__Exercise objective__: Whatever comes before the line containing "Isabella ladies’ glove is the" stays out; transcribe that line and all that follow to the end of the records exactly, with no pictures.

[Collected data entries]
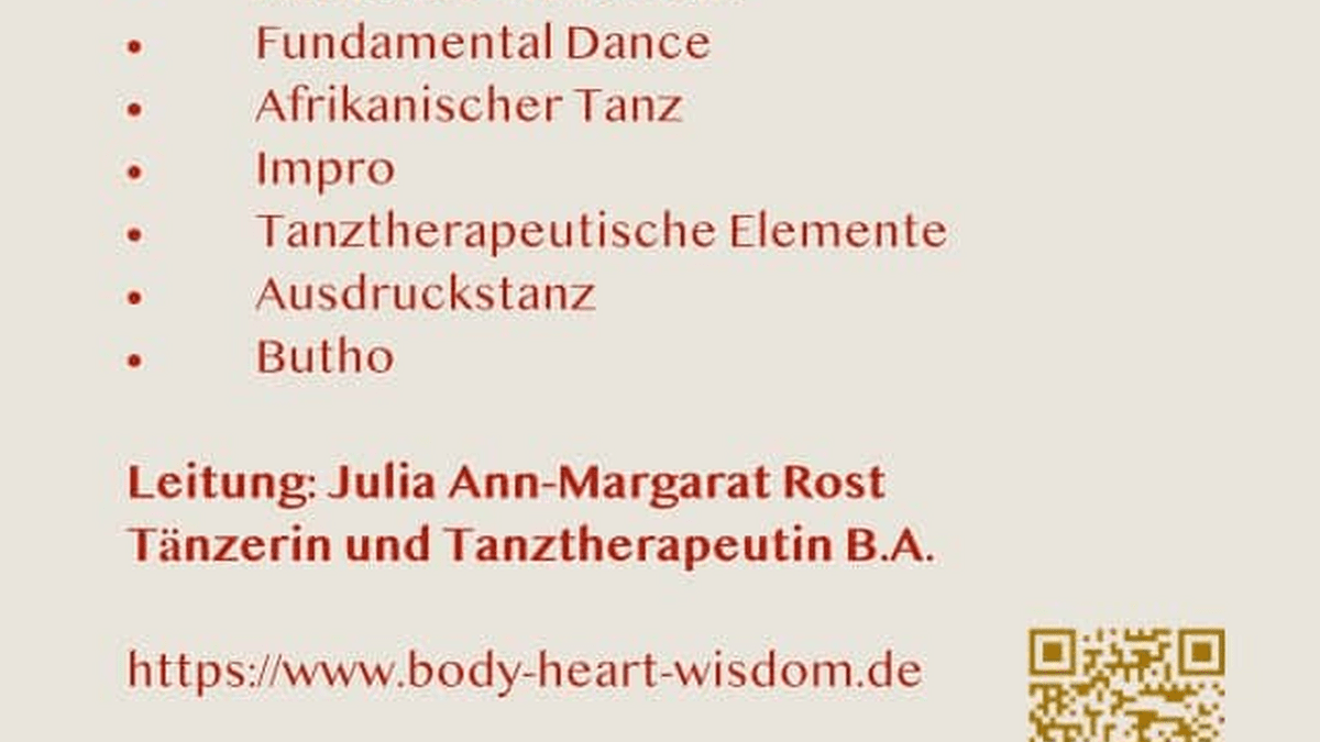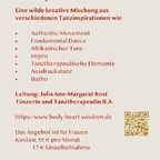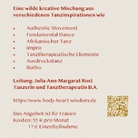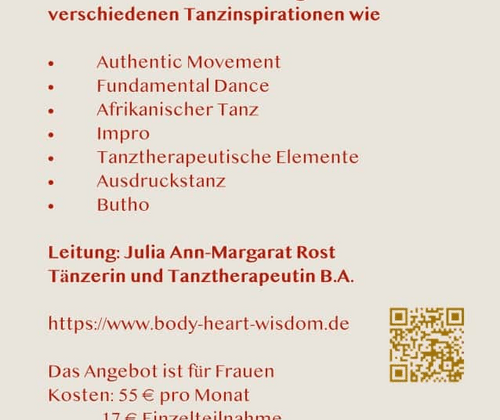 Kurzbeschreibung: Eine kreative Mischung aus verschiedenen Tanzinspirationen wie Authentic Movement, Fundamental Dance, Afrikanischer Tanz, Impro, Tanztherapie, Ausdruckstanz, Buhto
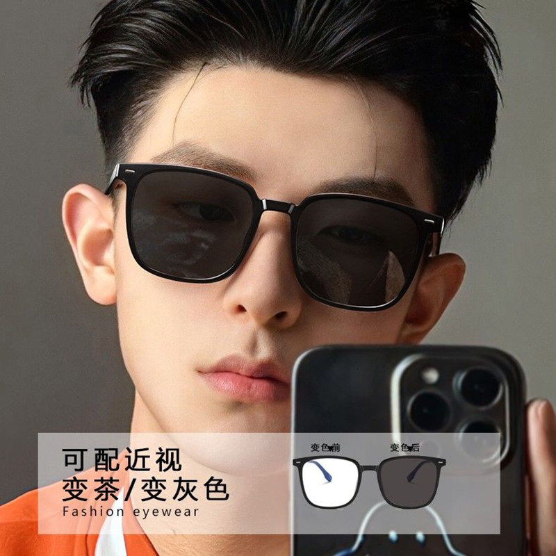 黑框近视眼镜框墨镜男感光镜片茶色ins防紫外线太阳镜防蓝光变色
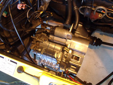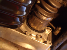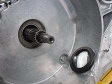 (7月28日)エンジンを載せる前に、面倒なATを積み替える作業があるのです。足回りを分解しドライブシャフトを逃がしたりしながら今までのATを降ろし、そして春に磨き上げていたATを搭載です。そのまえにオイルシールを交換です。ふぅ〜。腰を痛めずに作業を終える事が出来ました。今回、ミッションマウントがヘタってるのを発見。何か考えなくては・・・
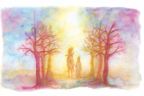 Zatímco naši poutníci spali schoulení v malé skalní komůrce, v nejbližší osadě kousek odsud se v ten stejný noční čas děly zvláštní věci… Jedna z žen, jménem Magdalena, měla ve zvyku procházet se nocí. Sytil ji klid a ticho všude kolem. Rozmlouvala v těch chvílích se svou duší. Kráčela pomalu ztemnělou krajinou. Pozorovala ztichlé domy, kde odpočívali lidé, a chlévy, kde podřimovala zvířata… Té noci ji zaujala obloha, celá zahalená do dešťových mračen. Tak nějak záhadně, až trochu děsivě dnes působila nebeská klenba. Magdalena v sobě pocítila velkou úctu. „Smíme být součástí příběhu Země a Vesmíru…” pomyslela na lidský rod. V tu chvíli ji zaplavil nesmírný vděk...
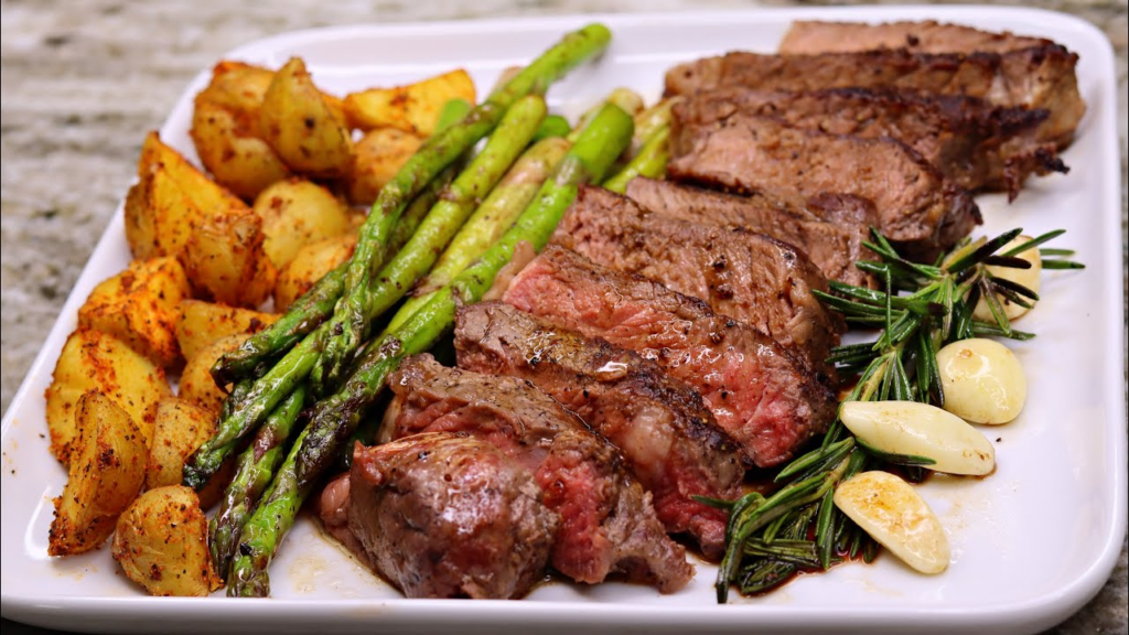 - Steak with onions, rice, and steamed broccoli
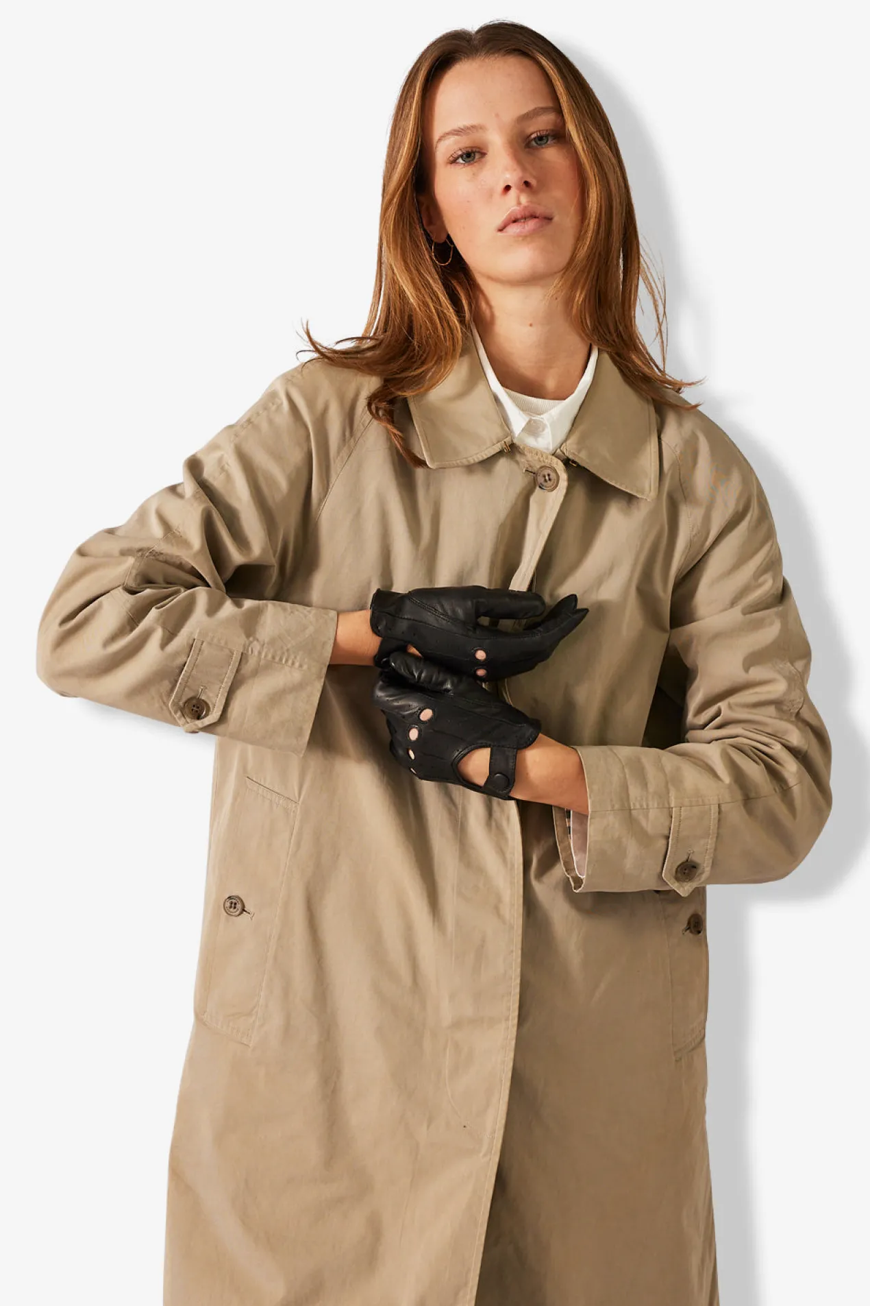 Isabella ladies’ glove is the perfect glove for fall, when all you want is a light glove.Isabella is made from soft leather with a light lining although warm leather material. The gloves give in with use – therefore they should be tight at first. The glove is designed with holes at the knuckles, as well as a stylish design with a button closure at the wrist.Isabella ladies’ glove is perfect for changing season, as driving gloves or simply a slimmer alternative.The gloves are available in size S, M and L.
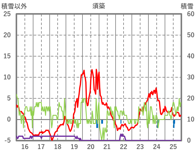| 日 | 時 | 気温 | 降水 | 風向/風速 | 日照 | 積雪 | 降雪 |
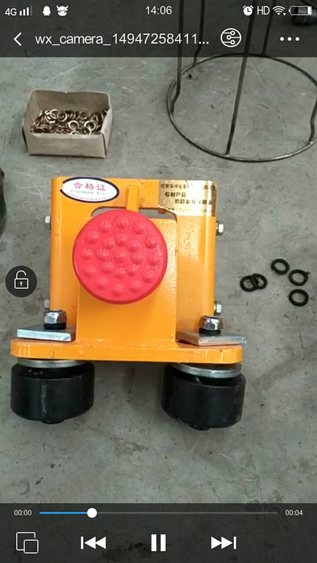 本裝置適用于單梁,雙梁起重機(jī)大車運(yùn)行機(jī)構(gòu)及雙梁小車運(yùn)行機(jī)構(gòu),適用車輪分別為L(zhǎng)D輪結(jié)構(gòu)和角形軸承箱車輪結(jié)構(gòu)。本裝置加裝在運(yùn)行端梁前端,依靠運(yùn)行軌道兩側(cè)的水平輪,限制起重機(jī)大車輪沿啃軌傾向,在大車車輪摩擦軌道之前,先行以滾動(dòng)方式與軌道接觸,來抵消大車運(yùn)行部分水平側(cè)向力,防止啃軌;同時(shí)兩只水平輪安裝位置低于軌道平面及車輪輪沿,這也相當(dāng)于最大限度地加高了車輪輪沿的高度。防止因?yàn)樵囕嗇喲靥珳\而造成的起重機(jī)脫軌事故。
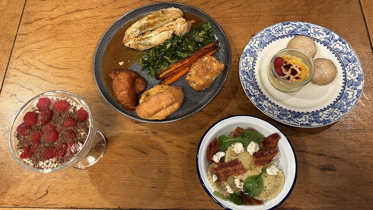 Tha Cearc Ròst, Yorkshire Pudding, Càl-cholaig le Sabhs Càise, Currain air an Ròstadh le Mil, Càl Hispi, Pommes Dauphines, Tiramisu, Girasoli, Crème Brulee agus Aran-goirid uile air an ullachadh às aonais gràn de chruithneachd no blasad de bhainne.

__Task answer__:
 Isabella ladies’ glove is the perfect glove for fall, when all you want is a light glove.Isabella is made from soft leather with a light lining although warm leather material. The gloves give in with use – therefore they should be tight at first. The glove is designed with holes at the knuckles, as well as a stylish design with a button closure at the wrist.Isabella ladies’ glove is perfect for changing season, as driving gloves or simply a slimmer alternative.The gloves are available in size S, M and L.
| 日 | 時 | 気温 | 降水 | 風向/風速 | 日照 | 積雪 | 降雪 |
 本裝置適用于單梁,雙梁起重機(jī)大車運(yùn)行機(jī)構(gòu)及雙梁小車運(yùn)行機(jī)構(gòu),適用車輪分別為L(zhǎng)D輪結(jié)構(gòu)和角形軸承箱車輪結(jié)構(gòu)。本裝置加裝在運(yùn)行端梁前端,依靠運(yùn)行軌道兩側(cè)的水平輪,限制起重機(jī)大車輪沿啃軌傾向,在大車車輪摩擦軌道之前,先行以滾動(dòng)方式與軌道接觸,來抵消大車運(yùn)行部分水平側(cè)向力,防止啃軌;同時(shí)兩只水平輪安裝位置低于軌道平面及車輪輪沿,這也相當(dāng)于最大限度地加高了車輪輪沿的高度。防止因?yàn)樵囕嗇喲靥珳\而造成的起重機(jī)脫軌事故。
 Tha Cearc Ròst, Yorkshire Pudding, Càl-cholaig le Sabhs Càise, Currain air an Ròstadh le Mil, Càl Hispi, Pommes Dauphines, Tiramisu, Girasoli, Crème Brulee agus Aran-goirid uile air an ullachadh às aonais gràn de chruithneachd no blasad de bhainne.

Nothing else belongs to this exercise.